Records supplied below:

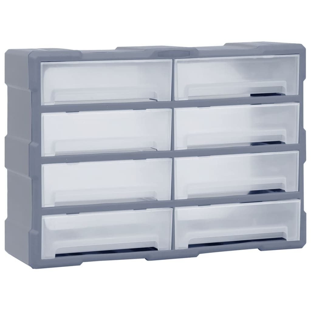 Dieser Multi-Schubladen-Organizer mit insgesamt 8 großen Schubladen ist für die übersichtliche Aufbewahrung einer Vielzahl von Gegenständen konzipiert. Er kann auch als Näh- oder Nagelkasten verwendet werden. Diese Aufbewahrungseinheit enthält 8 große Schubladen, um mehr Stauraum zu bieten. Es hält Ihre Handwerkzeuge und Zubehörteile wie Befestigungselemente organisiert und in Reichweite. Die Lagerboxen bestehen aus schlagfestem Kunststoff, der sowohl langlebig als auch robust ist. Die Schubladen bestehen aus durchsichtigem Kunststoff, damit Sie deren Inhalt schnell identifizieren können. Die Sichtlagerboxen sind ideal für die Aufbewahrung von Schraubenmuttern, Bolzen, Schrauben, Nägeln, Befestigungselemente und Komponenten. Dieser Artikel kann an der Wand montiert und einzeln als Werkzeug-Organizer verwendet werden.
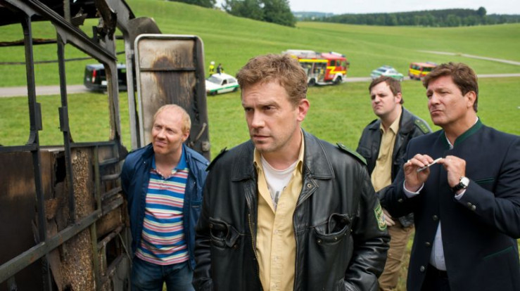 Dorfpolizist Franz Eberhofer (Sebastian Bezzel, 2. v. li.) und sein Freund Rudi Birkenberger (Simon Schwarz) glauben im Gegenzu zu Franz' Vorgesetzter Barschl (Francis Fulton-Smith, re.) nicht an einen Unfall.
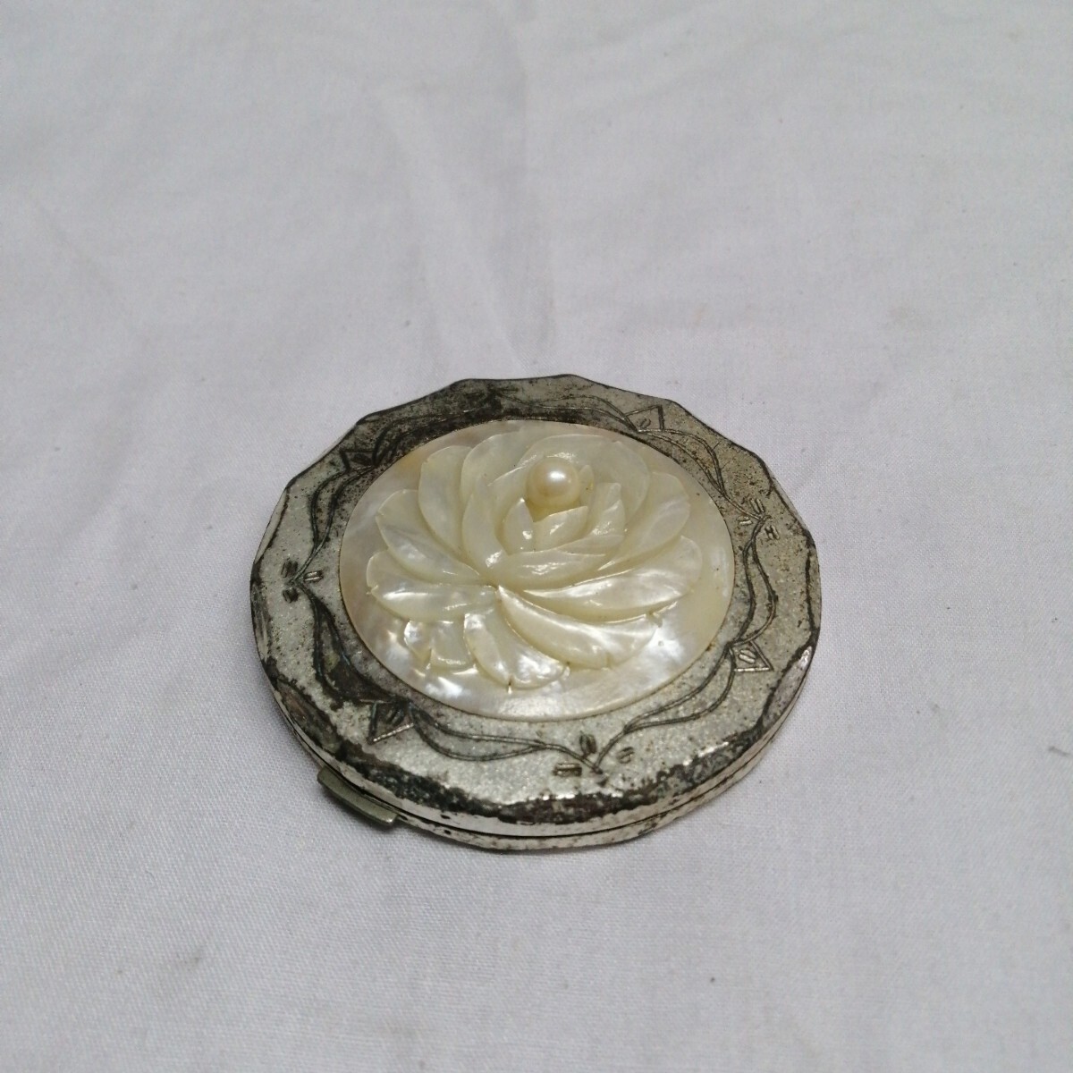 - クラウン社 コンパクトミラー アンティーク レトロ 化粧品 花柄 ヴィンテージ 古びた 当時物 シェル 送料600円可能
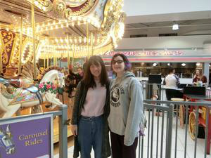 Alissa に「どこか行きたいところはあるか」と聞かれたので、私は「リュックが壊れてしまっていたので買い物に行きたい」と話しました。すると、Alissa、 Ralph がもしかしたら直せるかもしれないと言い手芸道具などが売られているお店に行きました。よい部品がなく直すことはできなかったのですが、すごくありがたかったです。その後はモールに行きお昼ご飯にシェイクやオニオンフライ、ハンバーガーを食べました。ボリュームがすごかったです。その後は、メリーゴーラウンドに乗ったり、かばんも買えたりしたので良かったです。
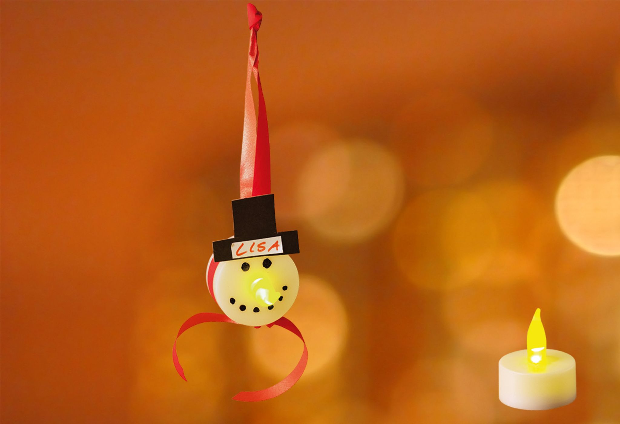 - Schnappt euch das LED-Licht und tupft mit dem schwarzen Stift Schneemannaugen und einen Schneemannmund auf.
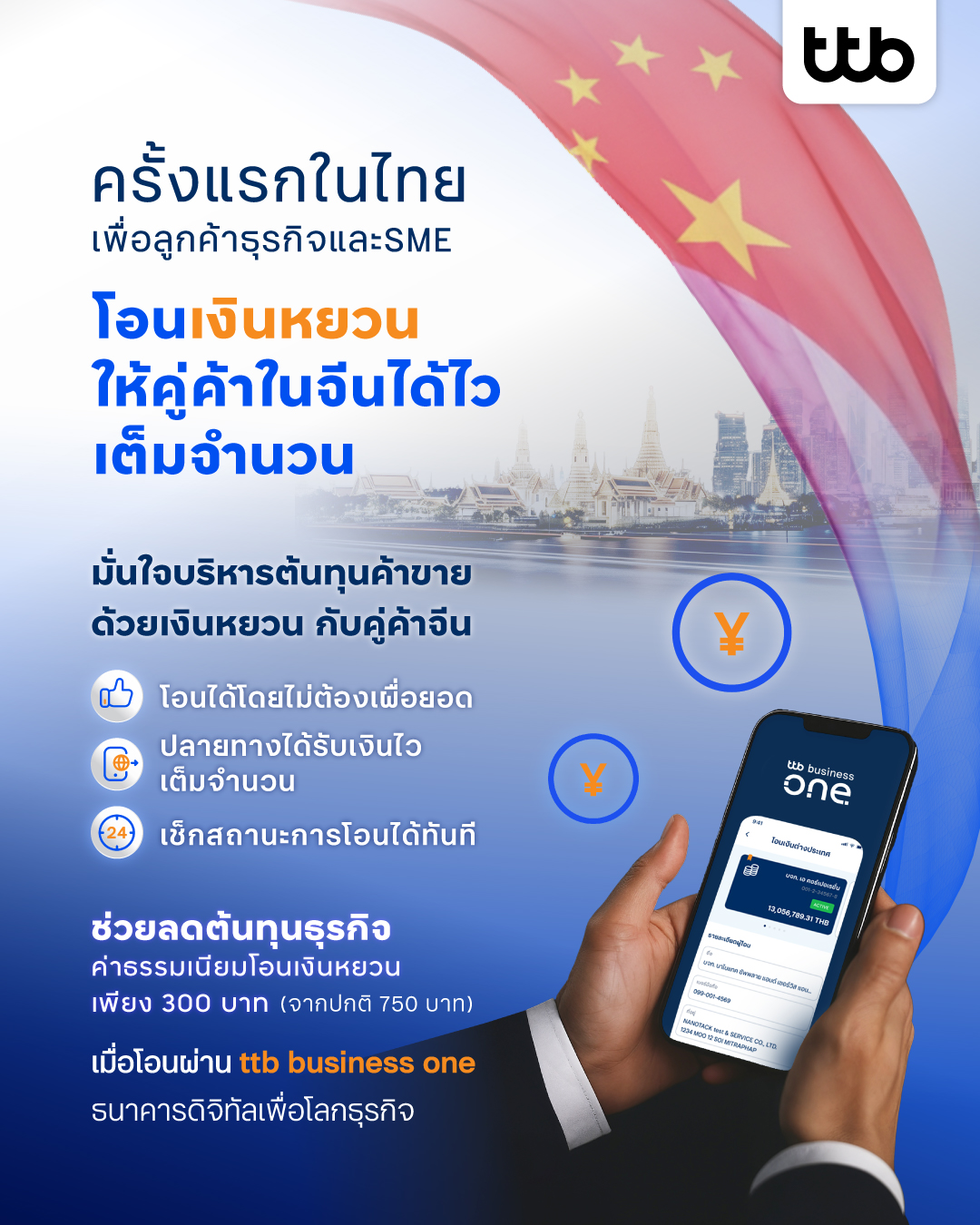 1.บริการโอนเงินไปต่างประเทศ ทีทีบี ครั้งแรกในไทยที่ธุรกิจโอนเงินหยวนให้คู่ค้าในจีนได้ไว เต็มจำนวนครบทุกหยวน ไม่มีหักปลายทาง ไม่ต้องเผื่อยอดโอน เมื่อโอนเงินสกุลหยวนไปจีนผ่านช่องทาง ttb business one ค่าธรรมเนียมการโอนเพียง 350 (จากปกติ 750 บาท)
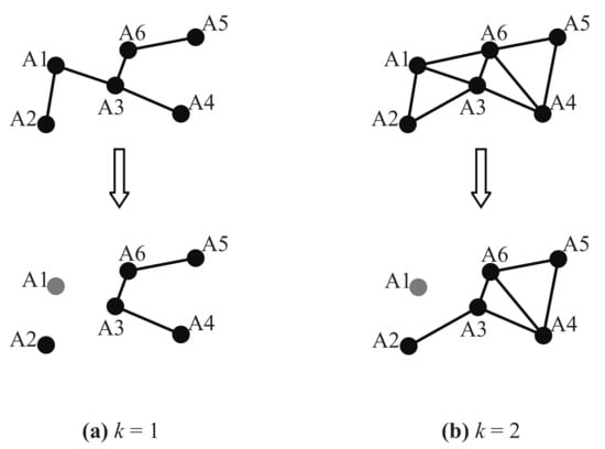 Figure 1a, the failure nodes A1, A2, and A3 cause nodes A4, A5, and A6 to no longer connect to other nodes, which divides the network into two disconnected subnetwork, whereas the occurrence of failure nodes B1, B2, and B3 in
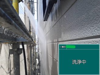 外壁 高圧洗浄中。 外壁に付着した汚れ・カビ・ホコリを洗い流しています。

End of Records supplied.
Records supplied below:

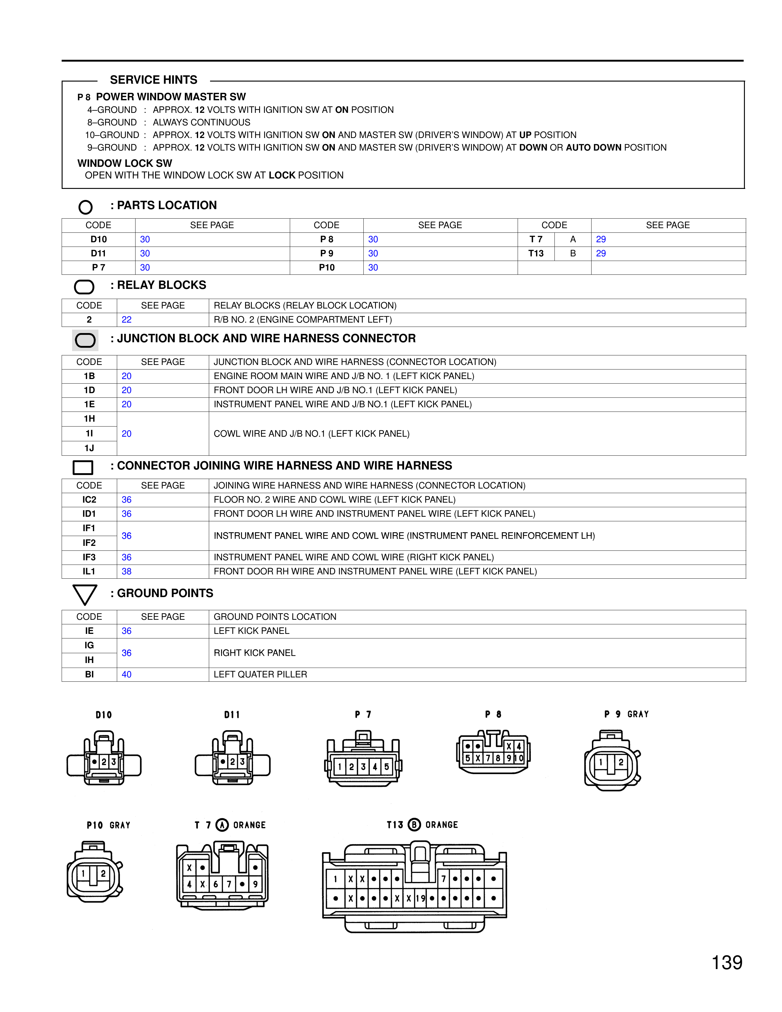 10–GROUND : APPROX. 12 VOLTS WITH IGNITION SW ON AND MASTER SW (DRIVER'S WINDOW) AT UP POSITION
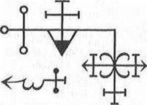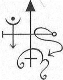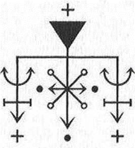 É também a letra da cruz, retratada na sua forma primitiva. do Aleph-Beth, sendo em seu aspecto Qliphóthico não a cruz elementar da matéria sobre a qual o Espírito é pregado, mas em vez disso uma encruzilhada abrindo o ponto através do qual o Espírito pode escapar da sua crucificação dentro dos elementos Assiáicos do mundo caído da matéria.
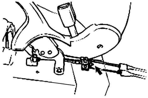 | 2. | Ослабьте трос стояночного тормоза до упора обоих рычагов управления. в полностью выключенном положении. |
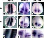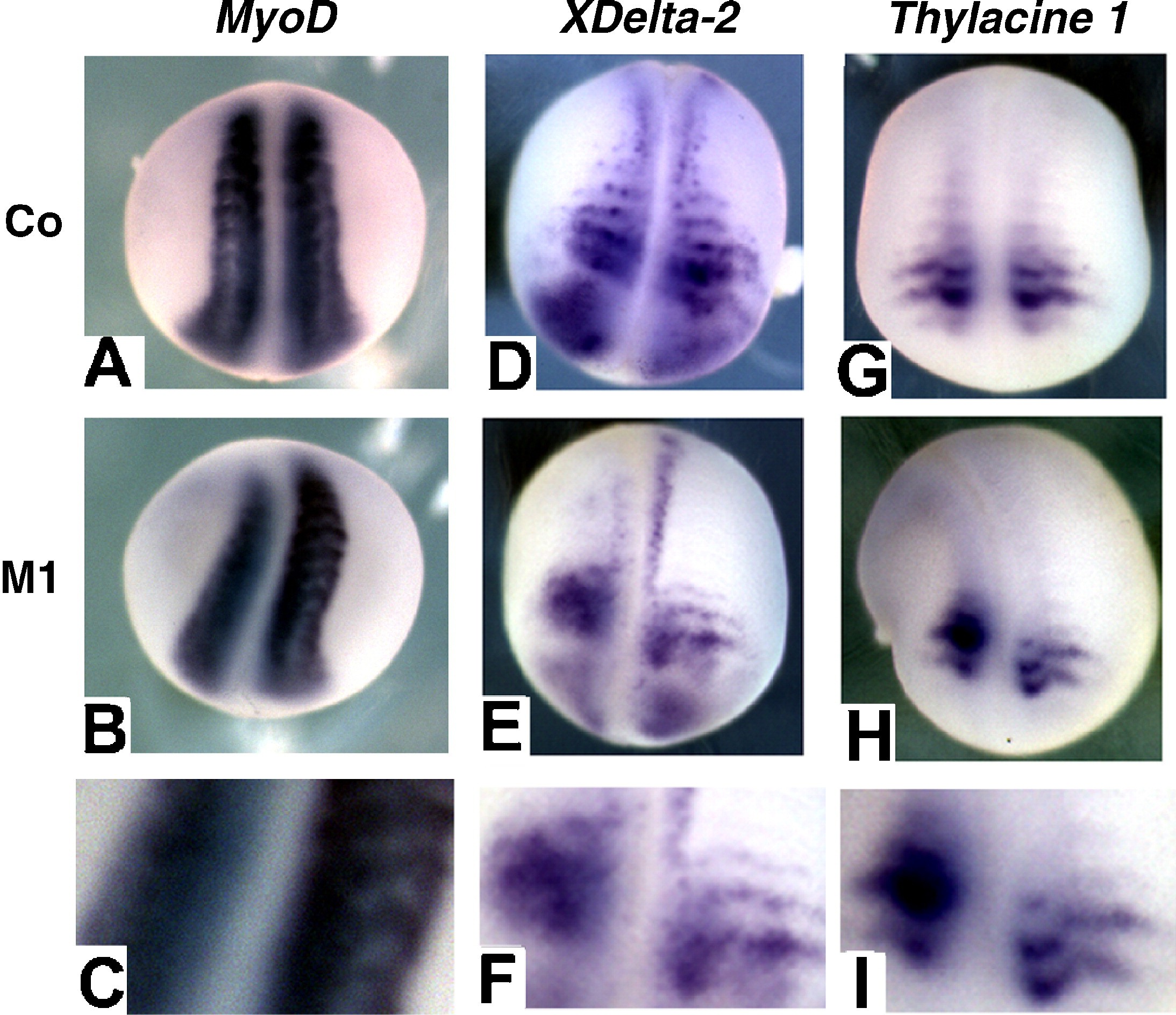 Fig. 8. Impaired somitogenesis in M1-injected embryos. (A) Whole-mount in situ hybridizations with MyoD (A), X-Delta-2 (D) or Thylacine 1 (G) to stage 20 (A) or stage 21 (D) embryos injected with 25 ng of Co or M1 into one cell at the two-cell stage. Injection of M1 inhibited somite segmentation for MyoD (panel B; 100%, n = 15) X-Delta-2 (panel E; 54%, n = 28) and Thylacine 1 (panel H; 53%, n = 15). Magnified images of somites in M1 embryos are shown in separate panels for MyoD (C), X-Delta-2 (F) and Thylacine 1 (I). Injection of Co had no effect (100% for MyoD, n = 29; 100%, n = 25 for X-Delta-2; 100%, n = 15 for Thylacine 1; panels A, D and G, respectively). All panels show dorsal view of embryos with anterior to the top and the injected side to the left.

End of Records supplied.

Output exactly the lines above, from the line with "- Schnappt euch" to the line with "(จากปกติ 750 บาท)", both included; skip the pictures.

**Your solution:**
 - Schnappt euch das LED-Licht und tupft mit dem schwarzen Stift Schneemannaugen und einen Schneemannmund auf.
 1.บริการโอนเงินไปต่างประเทศ ทีทีบี ครั้งแรกในไทยที่ธุรกิจโอนเงินหยวนให้คู่ค้าในจีนได้ไว เต็มจำนวนครบทุกหยวน ไม่มีหักปลายทาง ไม่ต้องเผื่อยอดโอน เมื่อโอนเงินสกุลหยวนไปจีนผ่านช่องทาง ttb business one ค่าธรรมเนียมการโอนเพียง 350 (จากปกติ 750 บาท)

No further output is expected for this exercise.